Exact copies of all entries are needed. Pictures are to be left out.

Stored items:
--- START ---
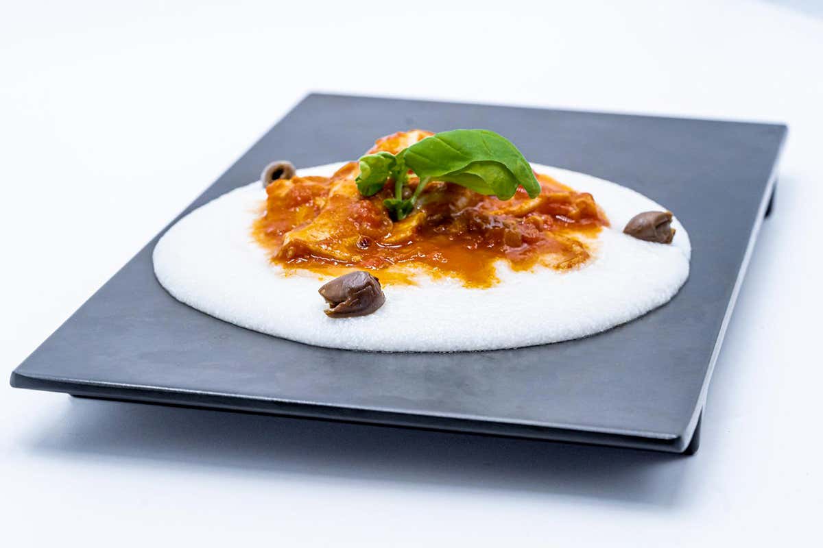 Polenta fioretto e polpo in umido
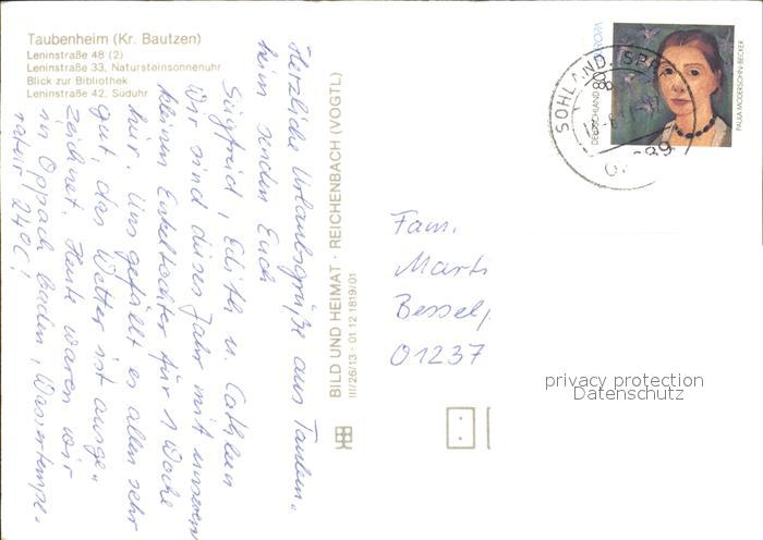 72590604 alte Postkarte Taubenheim Meissen Leninstr Natursteinsonnenuhr Bibliothek Sueduhr postalisch gelaufen Erhaltung siehe scans [WerneD78] KatCode: 11110014280400
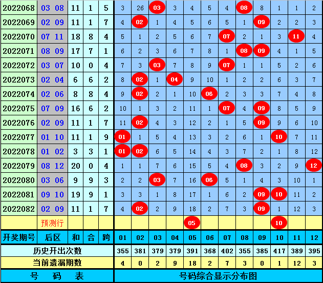 后区分析【一区01-04,二区05-08,三区09-12】:上期后区奖号为02和09,分别落在第一、三区,近50期后区三区比为29:37:34,近10期三区比为9:4:7,本期注意第二、三区号码出现,关注两码05+10。
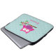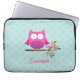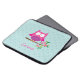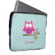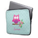 緑の葉およびショッキングピンクの花および水の水玉模様が付いている枝に坐っている小さいピンクの漫画のフクロウを特色にするパーソナライズなラップトップスリーブ。 女の子のためののためのかわいいおよびおもしろいのデザイン。 カスタマイズ可能な一流のギフト。
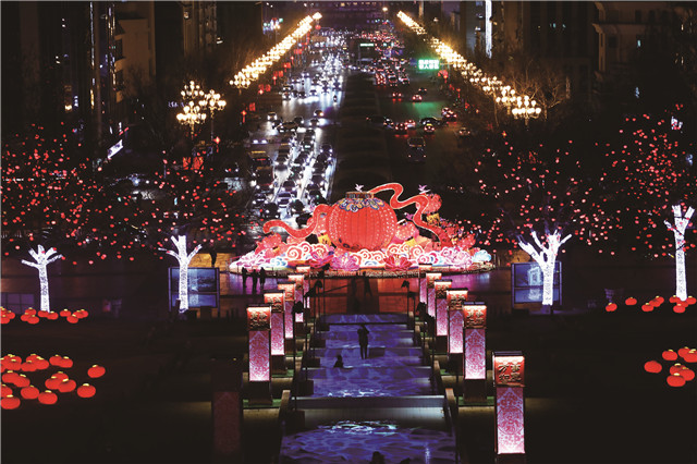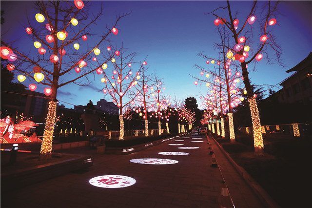 ??????夜幕降臨,走在市區(qū)的主干道上,一股濃濃的年味迎面撲來:新威路上,火紅的小燈籠掛滿枝頭,將道路兩旁的樹木點綴得分外喜慶;昆明路上,五顏六色的LED燈串妝點了綠化帶,視覺效果繽紛而炫目;各公園廣場上,立體景觀也亮起了燈,造型各異的裝飾與點綴,給城市的夜色增添了喜悅與祥和的氛圍……
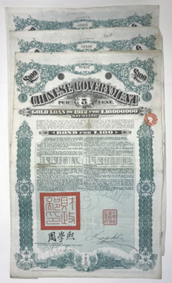 China. Lot of 3 bonds. £20 Issued and Uncancelled Coupon Bond printed in English and French, Large fortress or city on top with green borders and underprint, red seal at bottom, no coupons, Fine+ to VF condition. Attractive bond. W&S.
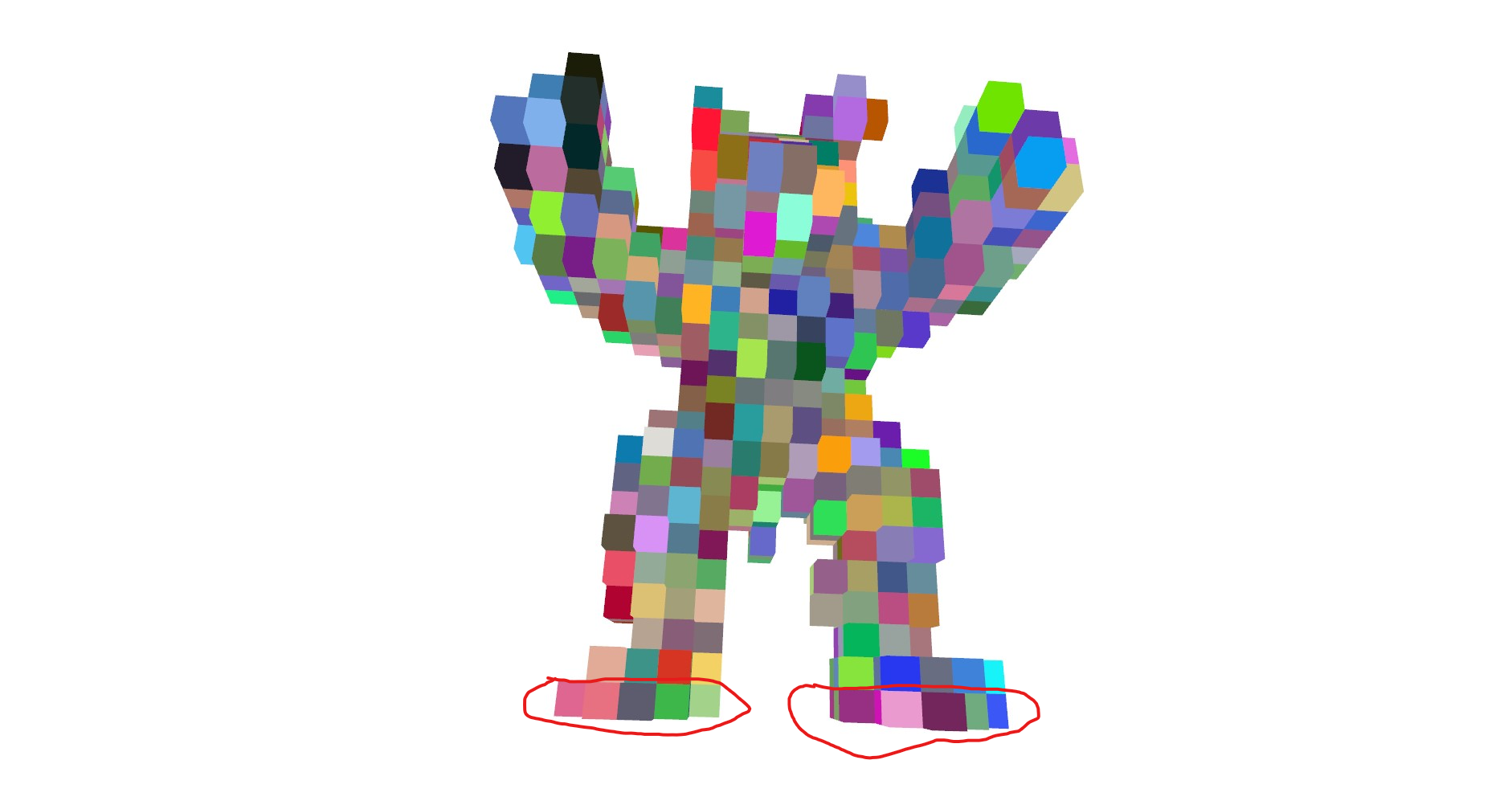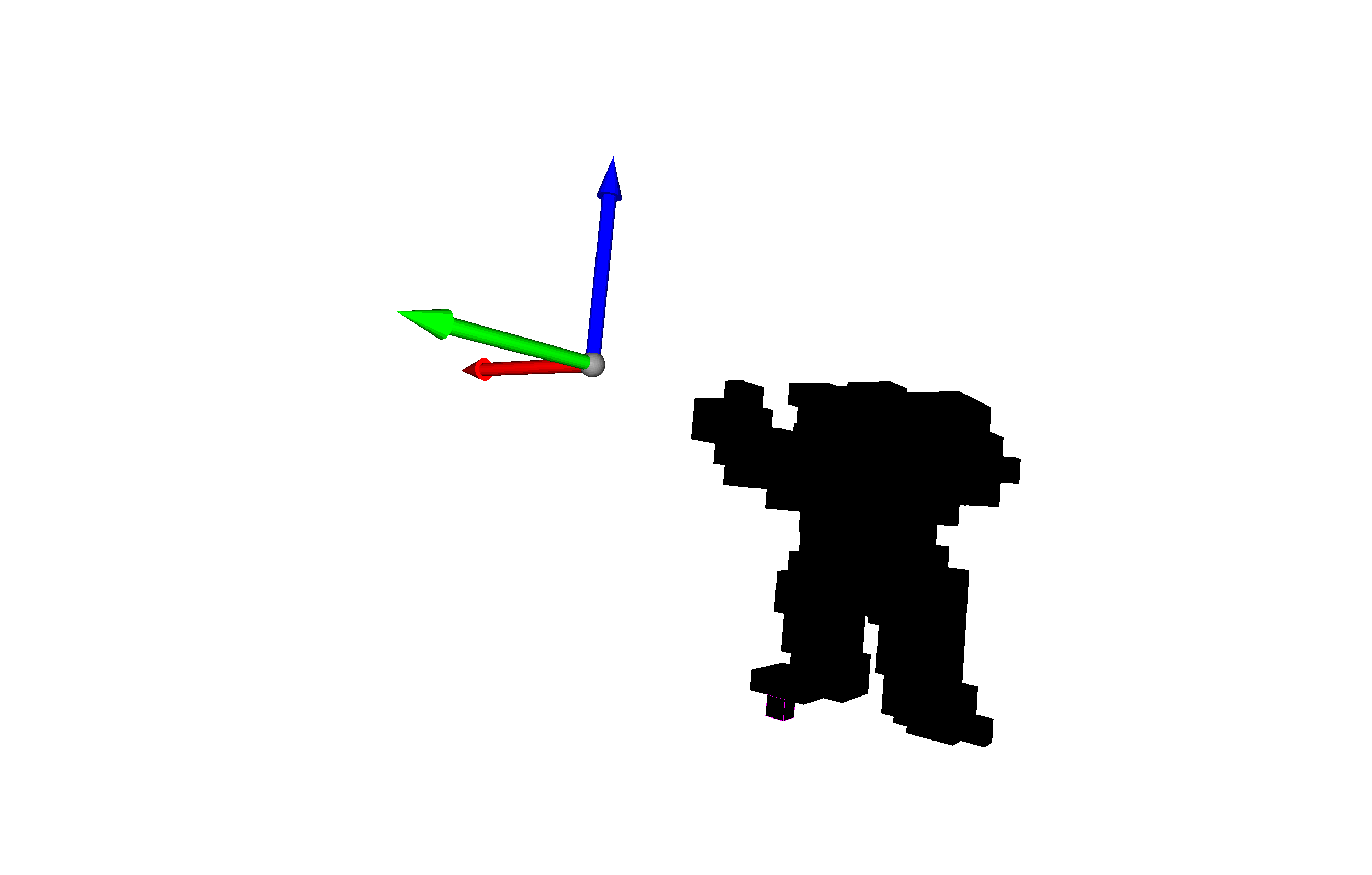 o3d.visualization.draw_geometries([voxel_grid, *bounding_box, axes])这是如何运行这段代码上的墨迹网格。请注意,我添加了坐标框来确定方向。蓝色箭头指向+z。z值最低的体素有紫色的边。
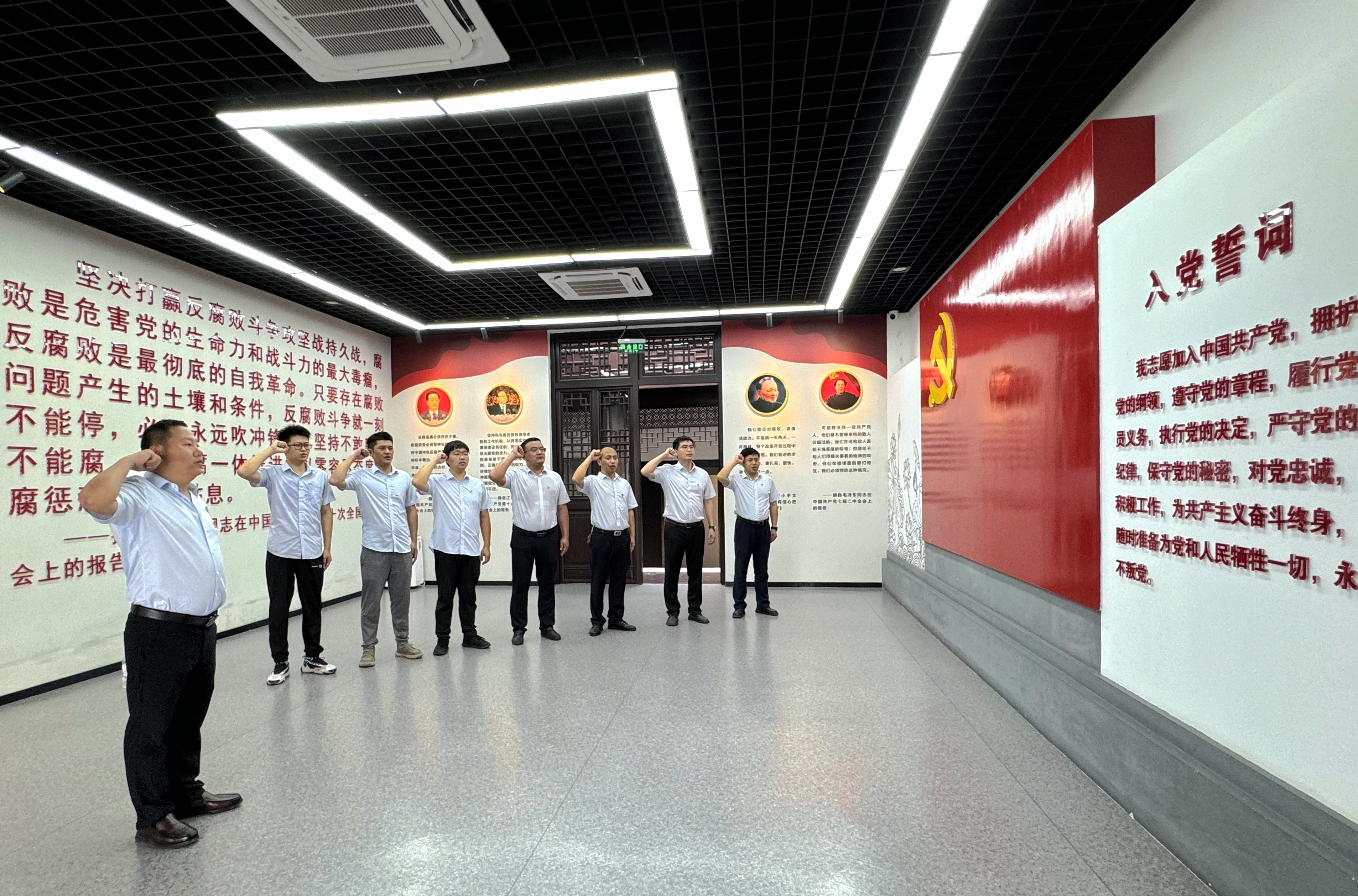6月26日,涇青高速04標(biāo)項目黨支部與路面專業(yè)化服務(wù)中心黨支部前往歙縣廉政三示教育基地,聯(lián)合開展“聯(lián)學(xué)共建謀發(fā)展,勠力同心建新功”主題黨日活動,在講解人員引導(dǎo)下參觀展館,并重溫入黨誓詞。
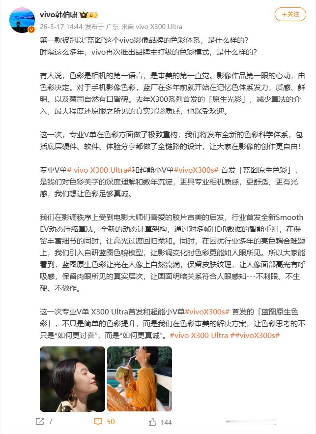 这次vivo搞了个新色彩,主打真实,以前拍照算法太重,照片容易假。这次就是想让你拍出来的东西,颜色、光线、人脸皮肤的质感,都跟你眼睛看到的一模一样,不刺眼,很柔和自然,看着舒服不累,真好~
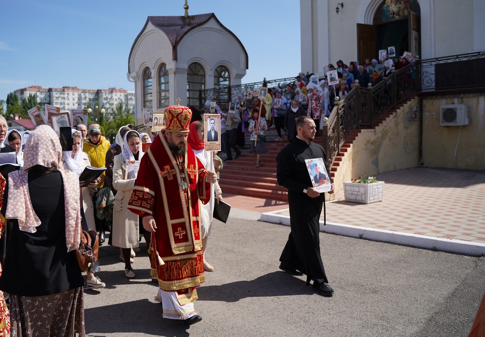 После Литургии состоялся традиционный для пасхальных дней крестный ход, но так как богослужение совпало с Днём Победы, верующие по благословению владыки Антония прошли вокруг храма с портретами родных и близких – участников войн, тем самым объединив крестный ход с акцией «Бессмертный полк».
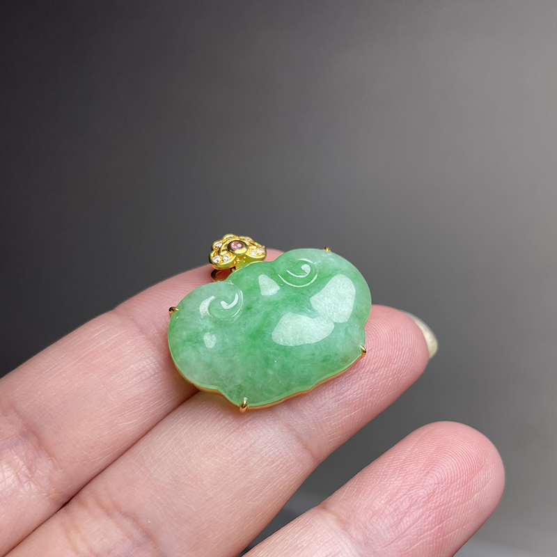 • [名  称] 18K糯种翠绿翡翠如意吊坠
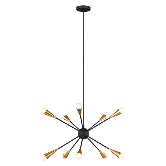 Candelabru Jax – 10 becuri, design Starburst Art Deco, Finisaj Midnight Black cu accente Burnished Brass
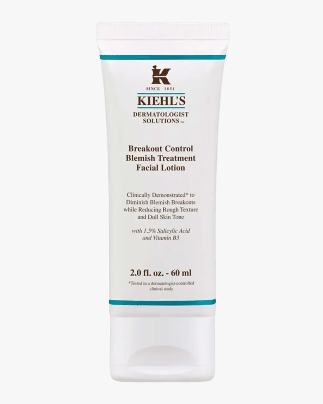 Kiehl’s Dermatologist Solutions Breakout Control Blemish Treatment Lotion. Kiehl´s introduserer Breakout Control Blemish Treatment Facial Lotion – en ansiktslotion som forebygger dannelse av nye urenheter, forbedrer hudens tone og gjør hudens tekstur mindre grov. Inneholder bl.a. salisylsyre og vitamin B3.
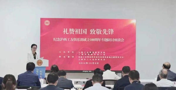 10月9日,上海工会管理职业学院、普陀区总工会联合举办的“礼赞祖国致敬先锋”纪念沪西工友俱乐部成立100周年专题研讨座谈会,在普陀区职工文体活动中心举行。中国工人出版社副总编辑安静,中国机械冶金建材工会副主席关明,上海市总工会党组成员、副主席桂晓燕,普陀区委常委、宣传部部长刘东昌,普陀区人大常委会副主任、区总工会主席姚军,上海工会管理学院党委书记王厚富,上海工会管理职业学院党委副书记、院长李友钟等出席。
--- END ---
OUTPUT FOR THIS EXERCISE:
 Polenta fioretto e polpo in umido
 72590604 alte Postkarte Taubenheim Meissen Leninstr Natursteinsonnenuhr Bibliothek Sueduhr postalisch gelaufen Erhaltung siehe scans [WerneD78] KatCode: 11110014280400
 后区分析【一区01-04,二区05-08,三区09-12】:上期后区奖号为02和09,分别落在第一、三区,近50期后区三区比为29:37:34,近10期三区比为9:4:7,本期注意第二、三区号码出现,关注两码05+10。
 緑の葉およびショッキングピンクの花および水の水玉模様が付いている枝に坐っている小さいピンクの漫画のフクロウを特色にするパーソナライズなラップトップスリーブ。 女の子のためののためのかわいいおよびおもしろいのデザイン。 カスタマイズ可能な一流のギフト。
 ??????夜幕降臨,走在市區(qū)的主干道上,一股濃濃的年味迎面撲來:新威路上,火紅的小燈籠掛滿枝頭,將道路兩旁的樹木點綴得分外喜慶;昆明路上,五顏六色的LED燈串妝點了綠化帶,視覺效果繽紛而炫目;各公園廣場上,立體景觀也亮起了燈,造型各異的裝飾與點綴,給城市的夜色增添了喜悅與祥和的氛圍……
 China. Lot of 3 bonds. £20 Issued and Uncancelled Coupon Bond printed in English and French, Large fortress or city on top with green borders and underprint, red seal at bottom, no coupons, Fine+ to VF condition. Attractive bond. W&S.
 o3d.visualization.draw_geometries([voxel_grid, *bounding_box, axes])这是如何运行这段代码上的墨迹网格。请注意,我添加了坐标框来确定方向。蓝色箭头指向+z。z值最低的体素有紫色的边。
6月26日,涇青高速04標(biāo)項目黨支部與路面專業(yè)化服務(wù)中心黨支部前往歙縣廉政三示教育基地,聯(lián)合開展“聯(lián)學(xué)共建謀發(fā)展,勠力同心建新功”主題黨日活動,在講解人員引導(dǎo)下參觀展館,并重溫入黨誓詞。
 这次vivo搞了个新色彩,主打真实,以前拍照算法太重,照片容易假。这次就是想让你拍出来的东西,颜色、光线、人脸皮肤的质感,都跟你眼睛看到的一模一样,不刺眼,很柔和自然,看着舒服不累,真好~
 После Литургии состоялся традиционный для пасхальных дней крестный ход, но так как богослужение совпало с Днём Победы, верующие по благословению владыки Антония прошли вокруг храма с портретами родных и близких – участников войн, тем самым объединив крестный ход с акцией «Бессмертный полк».
 • [名  称] 18K糯种翠绿翡翠如意吊坠
 Candelabru Jax – 10 becuri, design Starburst Art Deco, Finisaj Midnight Black cu accente Burnished Brass
 Kiehl’s Dermatologist Solutions Breakout Control Blemish Treatment Lotion. Kiehl´s introduserer Breakout Control Blemish Treatment Facial Lotion – en ansiktslotion som forebygger dannelse av nye urenheter, forbedrer hudens tone og gjør hudens tekstur mindre grov. Inneholder bl.a. salisylsyre og vitamin B3.
 10月9日,上海工会管理职业学院、普陀区总工会联合举办的“礼赞祖国致敬先锋”纪念沪西工友俱乐部成立100周年专题研讨座谈会,在普陀区职工文体活动中心举行。中国工人出版社副总编辑安静,中国机械冶金建材工会副主席关明,上海市总工会党组成员、副主席桂晓燕,普陀区委常委、宣传部部长刘东昌,普陀区人大常委会副主任、区总工会主席姚军,上海工会管理学院党委书记王厚富,上海工会管理职业学院党委副书记、院长李友钟等出席。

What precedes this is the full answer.